But could the real problem be that your personal knowledge of God is lacking? Maybe you are depressed because you’re focused on everything else—problems, people, trials, yourself—except the living God.

Why are you cast down, O my soul,
and why are you in turmoil within me?
Hope in God; for I shall again praise him,
my salvation and my God. (Psalm 42:5)

Insecurity and Fear

Perhaps you have a consuming desire for others’ approval; you are insecure and constantly fear man. You may need to cultivate more authentic, transparent relationships.

The temptation is to imagine that you have low self-esteem. (Probably the opposite is true—you have an inflated esteem of self.)

The real problem, however, is that the lug nuts on your esteem of God are loose. You need to know Him if you want to be free from the craving for approval. Only the true, life-giving fear of God can liberate us from the fear of man. “The fear of man lays a snare, but whoever trusts in the Lord is safe” (Proverbs 29:25).

Church Problems

Let’s apply this on the level of community. If a church is struggling with lack of growth, ineffective outreach, or internal strife, what is the problem? Most churches focus on the small or imaginary problems: more people, bigger budget, better programs, different music, sharper image. Some of these may help in small ways, but the real problem is a loose lug nuts in their knowledge of God.

David Wells insightfully writes,

It is one of the remarkable features of contemporary church life that so many are attempting to heal the church by tinkering with its structures, its services, its public face. This is clear evidence that modernity has successfully palmed off one of its great deceits on us, convincing us that God himself is secondary to organization and image, that the church’s health lies in its flow charts, its convenience, and its offerings rather than in its inner life, its spiritual authenticity, the toughness of its moral intentions, its understanding of what it means to have God’s Word in this world. . . .

The fundamental problem in the evangelical world today is not inadequate technique, insufficient organization, or antiquated music, and those who want to squander the church’s resources bandaging these scratches will do nothing to stanch the flow of blood that is spilling from its true wounds.
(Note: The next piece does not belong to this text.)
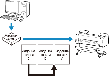 Задания печати, обрабатываемые принтером, вместе называются очередью заданий. Вы можете удалять или заменять задания в очереди заданий по необходимости.

The fundamental problem in the evangelical world today is that God rests too inconsequentially upon the church. His truth is too distant, his grace is too ordinary, his judgment is too benign, his gospel is too easy, and his Christ is too common.[i]

Man’s Deepest Need

When Paul prayed for the believers in Ephesus, he prayed first for a deeper knowledge of God, because this is always our deepest need. All of our sin is really rooted in a defective vision and inadequate acquaintance with God. If we knew Him better, the power of competing idolatries would be broken, and we would no longer be so easily sidetracked by smaller or imaginary problems.

 


[i] David F. Wells, God in the Wasteland: The Reality of Truth in a World of Fading Dreams (Grand Rapids, MI.: William B. Eerdmans Publishing Company, 1994) 30.